# [What you have to do]
From the records below, print exactly the lines starting at the one containing "A partially rotated" and ending at the one containing "Short-sleeve dress featuring", ends included, and nothing else.

# [Input data]
+-------+

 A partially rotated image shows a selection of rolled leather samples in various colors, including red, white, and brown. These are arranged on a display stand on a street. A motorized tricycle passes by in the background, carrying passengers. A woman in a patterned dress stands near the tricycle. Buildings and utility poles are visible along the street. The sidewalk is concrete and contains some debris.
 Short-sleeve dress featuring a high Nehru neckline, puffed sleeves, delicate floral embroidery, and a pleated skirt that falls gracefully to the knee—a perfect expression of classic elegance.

+-------+

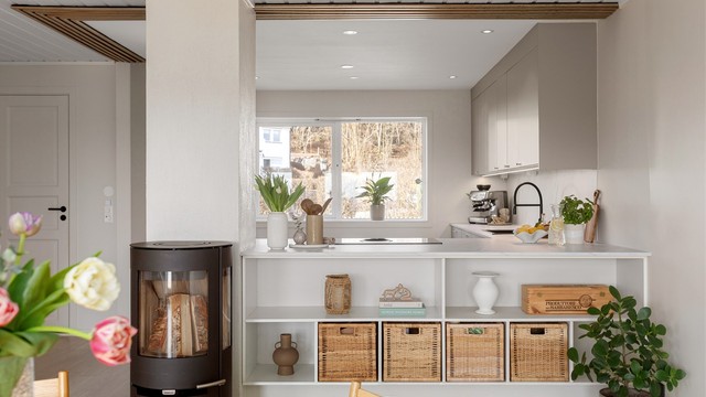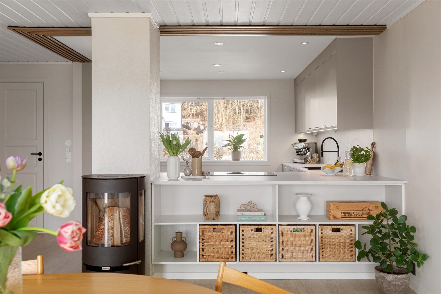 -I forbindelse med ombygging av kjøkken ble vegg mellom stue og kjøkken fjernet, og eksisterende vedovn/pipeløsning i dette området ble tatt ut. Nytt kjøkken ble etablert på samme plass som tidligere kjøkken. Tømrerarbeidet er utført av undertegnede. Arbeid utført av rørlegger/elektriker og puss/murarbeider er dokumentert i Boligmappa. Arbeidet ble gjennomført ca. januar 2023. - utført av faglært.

+-------+

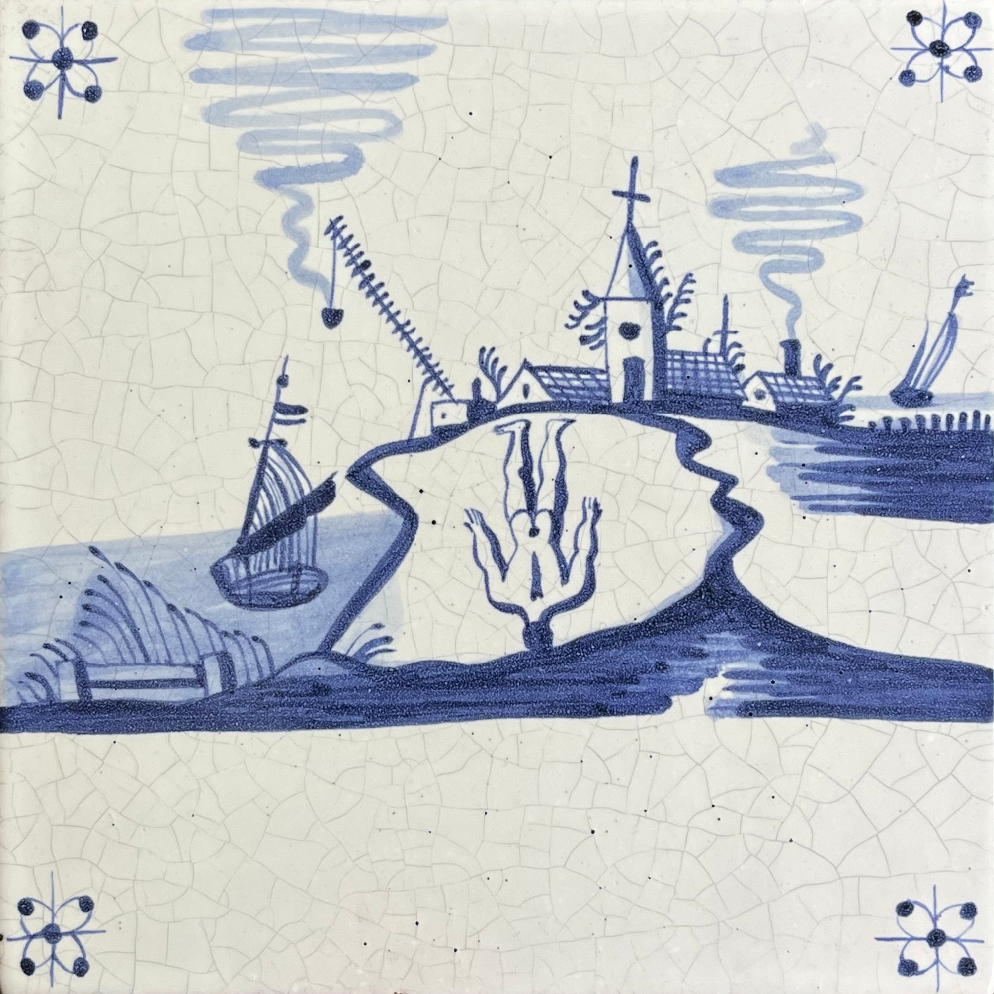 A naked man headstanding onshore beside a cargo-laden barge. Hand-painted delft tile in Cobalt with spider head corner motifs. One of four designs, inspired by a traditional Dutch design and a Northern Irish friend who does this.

+-------+

# [Answer to this exercise]
 A partially rotated image shows a selection of rolled leather samples in various colors, including red, white, and brown. These are arranged on a display stand on a street. A motorized tricycle passes by in the background, carrying passengers. A woman in a patterned dress stands near the tricycle. Buildings and utility poles are visible along the street. The sidewalk is concrete and contains some debris.
 Short-sleeve dress featuring a high Nehru neckline, puffed sleeves, delicate floral embroidery, and a pleated skirt that falls gracefully to the knee—a perfect expression of classic elegance.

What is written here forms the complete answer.